Department of Radiology, Larner College of Medicine, University of Vermont, Burlington, VT, USA.
Perelman School of Medicine, University of Pennsylvania, Philadelphia, PA, USA.
Cancer Control. 2024 Jan-Dec;31:10732748241248367. doi: 10.1177/10732748241248367.
The objective of our study is to explore Nepali women's beliefs about access to mammography screening, and motivations to get screened or not. This work was intended to be hypothesis generating for subsequent quantitative analysis and to inform policy and decision-making to improve access.
We conducted structured qualitative interviews among nine Nepali women in the Northeast of the United States receiving care at a local community health center and among nine white women receiving mammography care at a large academic medical center in the Northeast. We analyzed the transcripts using a mixed deductive (content analysis) and inductive (grounded theory) approach. Deductive codes were generated from the Health Belief Model which states that a person's belief in the real threat of a disease with their belief in the effectiveness of the recommended health service or behavior or action will predict the likelihood the person will adopt the behavior. We compared and contrasted qualitative results from both groups.

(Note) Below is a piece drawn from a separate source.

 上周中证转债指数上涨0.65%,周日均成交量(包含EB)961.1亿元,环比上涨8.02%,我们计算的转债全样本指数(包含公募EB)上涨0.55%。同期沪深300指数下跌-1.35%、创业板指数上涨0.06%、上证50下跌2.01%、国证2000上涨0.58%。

We found that eligible Nepali women who had not received mammography screening had no knowledge of its availability and its importance. Primary care physicians emerged as a critical link in addressing this disparity: trust was found to be high among Nepali women with their established primary care provider.

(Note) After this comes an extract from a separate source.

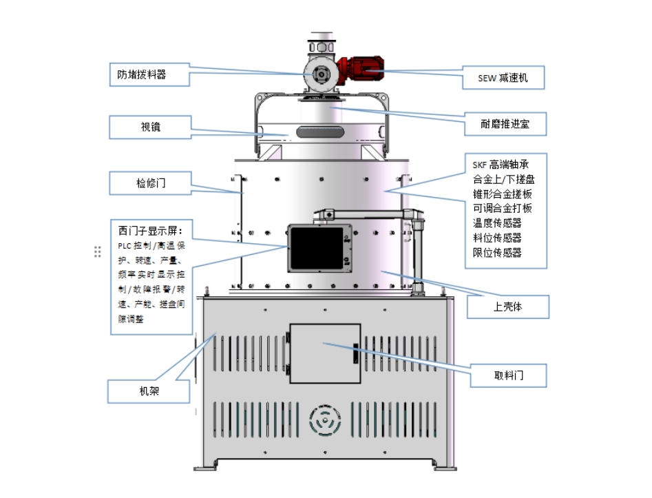 1、智能進(jìn)料防堵裝置:采用新型防堵結(jié)構(gòu)設(shè)計(jì),保證物料暢通不堵塞。

The findings of this study suggest that the role of primary care practitioners in conversations around the importance and eligibility for mammography screening is of critical importance, especially for underserved groups with limited health knowledge of screening opportunities and potential health benefits. Follow-up research should focus on primary care practices.

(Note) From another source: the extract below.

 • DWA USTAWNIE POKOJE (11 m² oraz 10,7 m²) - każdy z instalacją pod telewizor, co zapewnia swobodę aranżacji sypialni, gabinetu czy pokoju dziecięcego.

本研究旨在探讨尼泊尔女性对接受乳房 X 光筛查的看法,以及她们接受或不接受筛查的动机。这项工作旨在为后续的定量分析提供假设,并为改善获得途径的政策和决策提供信息。
我们在美国东北部的一家当地社区健康中心对 9 名接受护理的尼泊尔女性和在东北部一家大型学术医疗中心接受乳房 X 光检查的 9 名白人女性进行了结构化定性访谈。我们使用混合演绎(内容分析)和归纳(扎根理论)方法分析转录本。演绎代码是从健康信念模型中生成的,该模型指出,一个人对疾病的实际威胁的信念以及他们对推荐的卫生服务或行为或行动的有效性的信念,将预测该人采用该行为的可能性。我们比较和对比了两组的定性结果。
我们发现,未接受乳房 X 光筛查的合格尼泊尔女性对其可及性和重要性一无所知。初级保健医生被认为是解决这一差距的关键环节:尼泊尔女性对其既定的初级保健提供者表现出高度的信任。
这项研究的结果表明,初级保健医生在讨论乳房 X 光筛查的重要性和资格方面的作用至关重要,特别是对于那些对筛查机会和潜在健康益处的健康知识有限的服务不足群体。后续研究应集中在初级保健实践上。